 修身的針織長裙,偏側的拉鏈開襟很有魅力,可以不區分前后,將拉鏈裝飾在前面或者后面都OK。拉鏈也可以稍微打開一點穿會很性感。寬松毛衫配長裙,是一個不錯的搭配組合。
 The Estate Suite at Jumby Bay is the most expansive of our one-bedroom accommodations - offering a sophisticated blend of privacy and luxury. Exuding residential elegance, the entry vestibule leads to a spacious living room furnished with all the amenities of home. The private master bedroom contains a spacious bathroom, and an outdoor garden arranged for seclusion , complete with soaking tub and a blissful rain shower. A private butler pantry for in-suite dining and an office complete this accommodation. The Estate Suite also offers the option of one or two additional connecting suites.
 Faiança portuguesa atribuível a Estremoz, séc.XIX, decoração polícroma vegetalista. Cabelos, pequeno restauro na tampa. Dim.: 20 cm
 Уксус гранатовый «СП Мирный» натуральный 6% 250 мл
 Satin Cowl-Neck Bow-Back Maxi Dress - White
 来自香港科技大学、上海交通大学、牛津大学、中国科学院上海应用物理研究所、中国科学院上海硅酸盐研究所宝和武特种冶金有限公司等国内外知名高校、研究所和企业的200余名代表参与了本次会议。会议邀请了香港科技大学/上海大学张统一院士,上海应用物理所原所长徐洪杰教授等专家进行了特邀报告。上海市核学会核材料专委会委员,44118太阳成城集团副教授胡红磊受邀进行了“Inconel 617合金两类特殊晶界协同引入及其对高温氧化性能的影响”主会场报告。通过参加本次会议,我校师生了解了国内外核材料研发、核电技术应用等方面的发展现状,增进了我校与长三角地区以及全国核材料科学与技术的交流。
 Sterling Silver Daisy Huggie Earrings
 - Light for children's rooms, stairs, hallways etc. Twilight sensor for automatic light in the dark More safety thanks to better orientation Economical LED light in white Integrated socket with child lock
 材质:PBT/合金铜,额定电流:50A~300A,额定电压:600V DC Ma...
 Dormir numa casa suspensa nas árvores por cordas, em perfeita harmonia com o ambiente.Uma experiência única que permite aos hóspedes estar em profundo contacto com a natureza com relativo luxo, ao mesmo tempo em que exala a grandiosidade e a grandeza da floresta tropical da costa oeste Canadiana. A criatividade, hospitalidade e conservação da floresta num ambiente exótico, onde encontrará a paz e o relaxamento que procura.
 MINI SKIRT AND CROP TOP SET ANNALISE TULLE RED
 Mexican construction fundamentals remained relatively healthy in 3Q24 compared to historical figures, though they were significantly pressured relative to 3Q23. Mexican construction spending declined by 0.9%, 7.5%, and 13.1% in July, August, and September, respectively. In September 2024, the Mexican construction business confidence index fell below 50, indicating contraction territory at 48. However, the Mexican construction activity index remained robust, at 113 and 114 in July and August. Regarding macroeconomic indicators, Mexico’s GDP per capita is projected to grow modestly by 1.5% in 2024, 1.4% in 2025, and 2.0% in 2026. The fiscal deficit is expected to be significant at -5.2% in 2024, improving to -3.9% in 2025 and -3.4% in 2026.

============================================================

**TASK ITEM**
In the answer, the lines from the first line of the data above through the line containing "Satin Cowl-Neck Bow-Back Maxi Dress - White" must appear exactly as written, with nothing else.

**ANSWER FOR THIS EXERCISE**
 修身的針織長裙,偏側的拉鏈開襟很有魅力,可以不區分前后,將拉鏈裝飾在前面或者后面都OK。拉鏈也可以稍微打開一點穿會很性感。寬松毛衫配長裙,是一個不錯的搭配組合。
 The Estate Suite at Jumby Bay is the most expansive of our one-bedroom accommodations - offering a sophisticated blend of privacy and luxury. Exuding residential elegance, the entry vestibule leads to a spacious living room furnished with all the amenities of home. The private master bedroom contains a spacious bathroom, and an outdoor garden arranged for seclusion , complete with soaking tub and a blissful rain shower. A private butler pantry for in-suite dining and an office complete this accommodation. The Estate Suite also offers the option of one or two additional connecting suites.
 Faiança portuguesa atribuível a Estremoz, séc.XIX, decoração polícroma vegetalista. Cabelos, pequeno restauro na tampa. Dim.: 20 cm
 Уксус гранатовый «СП Мирный» натуральный 6% 250 мл
 Satin Cowl-Neck Bow-Back Maxi Dress - White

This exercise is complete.